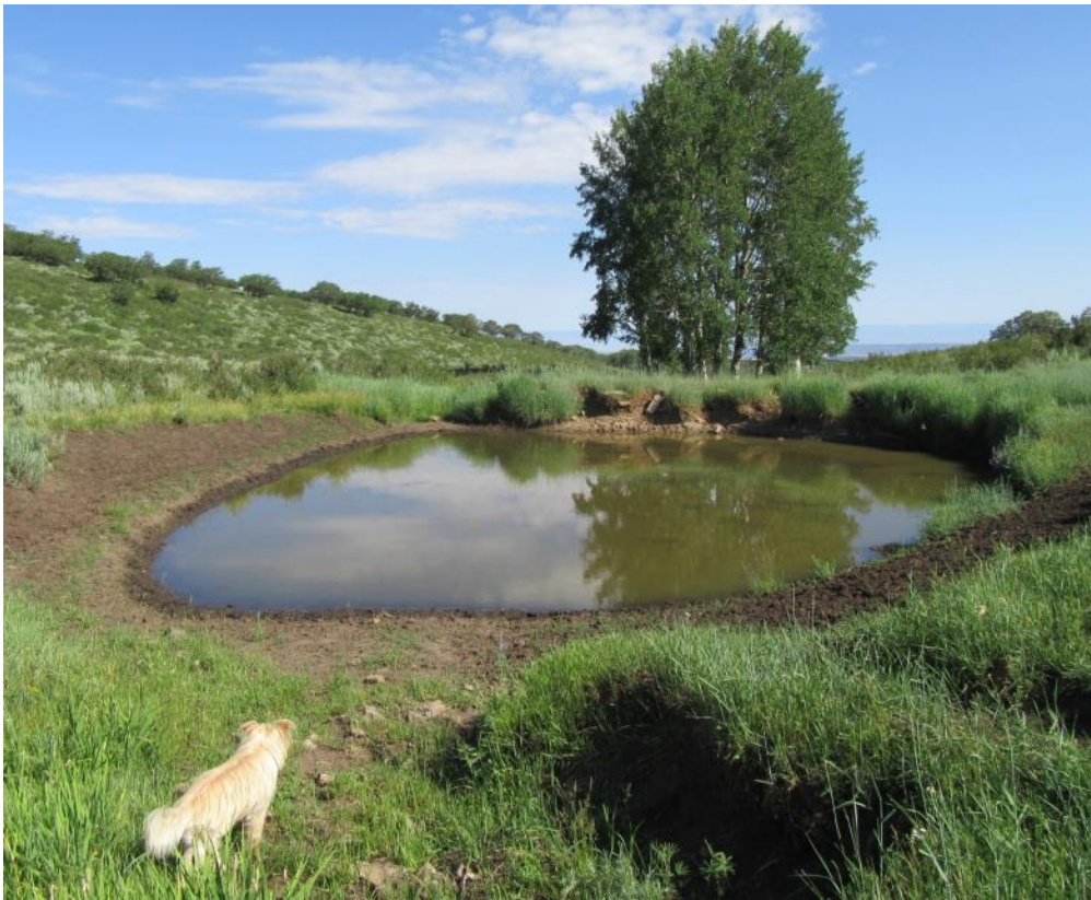
Pond 1. At: 690566 mE 4303021 mN Lots of young salamanders present.
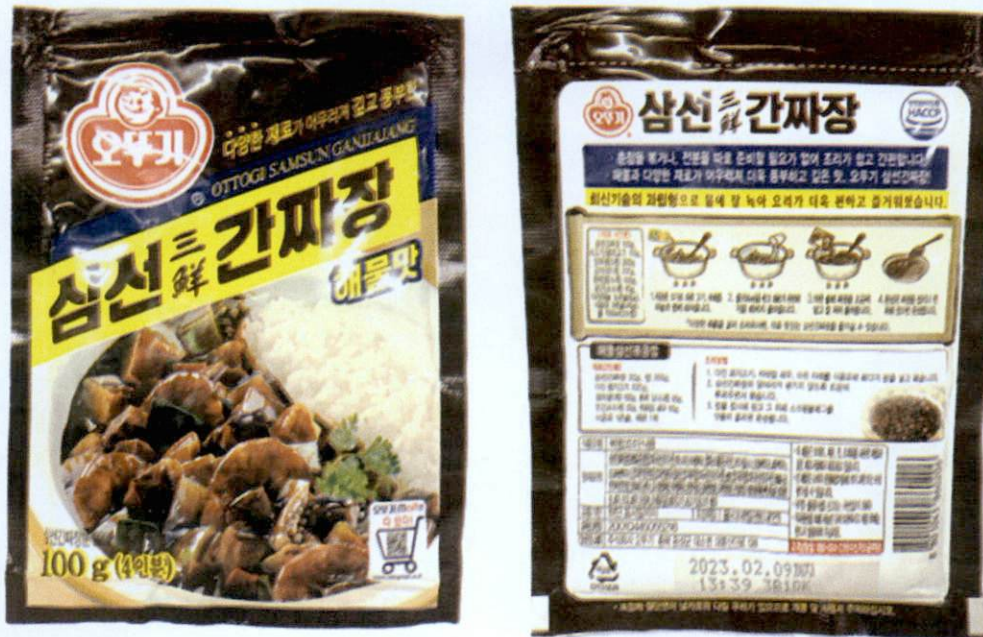
Figure 1. Unregistered OTTOGI Samsun Ganjjajang (In Foreign Language)

The Food and Drug Administration (FDA) warns all healthcare professionals and the general public NOT TO PURCHASE AND CONSUME the following unregistered food products:

Aim of the task> Give the data above again, exactly, with every picture removed.

Completed task>
Pond 1. At: 690566 mE 4303021 mN Lots of young salamanders present.
Figure 1. Unregistered OTTOGI Samsun Ganjjajang (In Foreign Language)

The Food and Drug Administration (FDA) warns all healthcare professionals and the general public NOT TO PURCHASE AND CONSUME the following unregistered food products:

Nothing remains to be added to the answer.